Promising drug. But the training is the proven part. Would you take a longevity drug that might cancel some gym gains?
More lifting is not more longevity.
The largest study of its kind (147,000 adults, up to 30 years) found the sweet spot for strength training: 90 to 120 minutes a week. Past that, the mortality benefit flattens.
Worth noting: it's observational, and cardio still carried the bigger signal. Doing both beat either alone.
How many minutes a week are you actually getting?
"The first human just received a reverse-aging drug." That headline is everywhere today. Here is what actually happened.
A Phase 1 safety trial dosed its first patient. The therapy (ER-100) is injected into one eye, to treat glaucoma. Fewer than 18 people.
It's a real milestone. It is not whole-body age reversal, and the main known risk is tumors.
What would actually convince you aging had been reversed?
@LORWEN108 The cortisol-brain link is real, but “brain fog = cortisol” is monocausal. Brain fog is a symptom with many causes: thyroid, anemia, B12, sleep, depression, meds, long COVID. Calling it cortisol and prescribing 7 habits can mean missing a treatable cause.
@coookwithchris Overprescribed?

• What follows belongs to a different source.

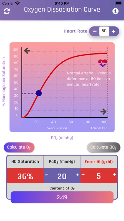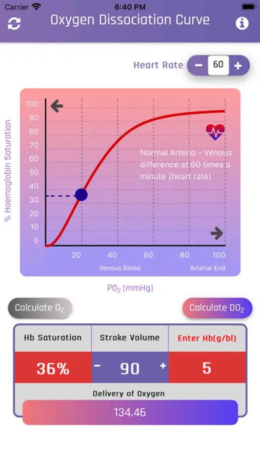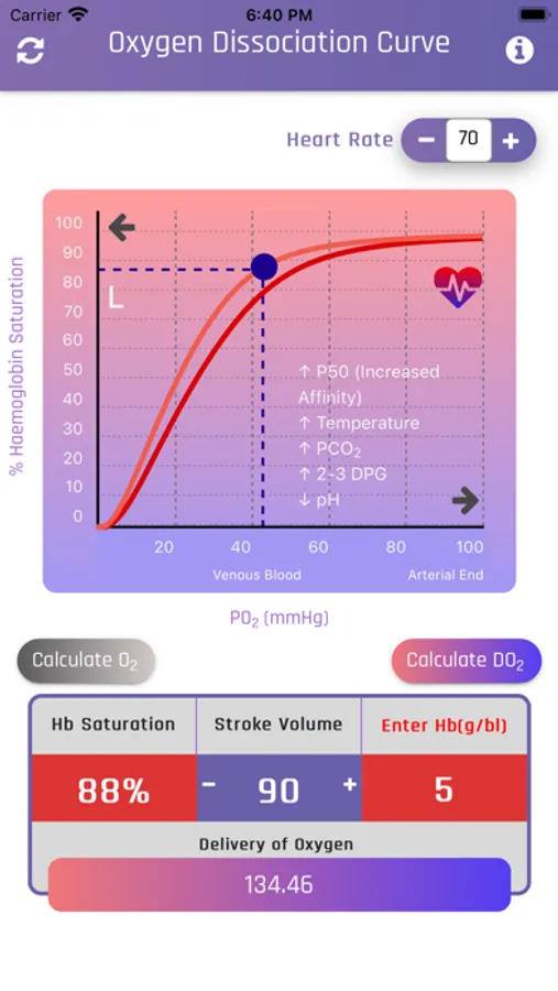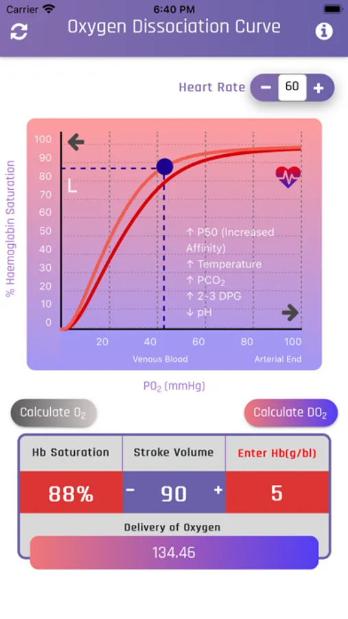The app's normal sigmoid curve can be shifted to the right or left, indicating the decreased and increased affinity of hemoglobin to oxygen, respectively. The app also displays the causes for the shift in the curve, helping users understand the factors that affect hemoglobin saturation. The application shows the fall in saturation of hemoglobin as the blood moves from the arterial to venous end, and the oscillating cursor indicates the heart rate which can be changed. The app displays both arterial and venous saturation and provides P50 value, which denotes the partial pressure of oxygen at which hemoglobin is 50% saturated (marked in the application).

Often. But “makes GERD worse” is backwards: GERD is a mechanical valve problem, and acid is what burns the esophagus, so PPIs heal it. The worsening you mean is rebound acid after you stop, a withdrawal effect, not the drug itself. “Most damaging med” is false.

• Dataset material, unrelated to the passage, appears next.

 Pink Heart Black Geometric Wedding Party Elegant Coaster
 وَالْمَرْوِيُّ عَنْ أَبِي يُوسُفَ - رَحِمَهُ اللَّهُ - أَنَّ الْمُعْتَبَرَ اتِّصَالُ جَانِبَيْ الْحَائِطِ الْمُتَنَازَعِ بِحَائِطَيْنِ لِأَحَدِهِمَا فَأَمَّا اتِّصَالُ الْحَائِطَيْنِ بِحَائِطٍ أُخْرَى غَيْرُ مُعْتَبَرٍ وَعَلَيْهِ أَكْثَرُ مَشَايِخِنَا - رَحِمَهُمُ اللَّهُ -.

@celestialbe1ng The calm is real, but the mechanism isn’t CO2. Cold on the face triggers the dive reflex: trigeminal nerve to vagus to bradycardia. The breath-hold helps trigger it, but rising CO2 is the air-hunger signal (it’s used to induce panic in studies), not a stress reducer.
@Outdoctrination First half is right. But the second half is a category error: you don’t activate a nerve by eating its neurotransmitter’s precursor. Choline, Alpha-GPC and nicotine don’t “activate” your vagus. The things that do are on your list: slow breathing and humming. Grounding isn’t.
@BarbaraOneillAU Curcumin, turmeric’s active part, is barely absorbed. Its systemic bioavailability is close to zero and what little gets in is excreted fast (that’s why supplements add black pepper). A drink that “detoxes, prevents arthritis, AND cuts cancer” is a horoscope, not medicine.
@thegarybrecka Mold can genuinely harm you. Allergies, asthma, high-dose poisoning, all real. But his own citation gives it away: T-2 and DON are food-grain mycotoxins, the stuff that poisons you from eating moldy cereal at toxic doses, not your apartment air.
@Outdoctrination That’s carotid IMT, artery-wall thickness, a surrogate marker, not heart attacks or deaths. A small change in it isn’t “reduces plaque.” And the weight of evidence cuts the other way: Cochrane and large RCTs find vitamin C and B-vitamin supplements don’t lower cardiac events.
@PirjakD@Outdoctrination Yeah, basically. A vitamin C tab raises plasma ascorbate just as well, the study’s whole point was that it’s your vitamin C level driving the skin change, not the kiwi. Whole fruit gives you fiber and other compounds too, but for topping up a low level, a tab does the job.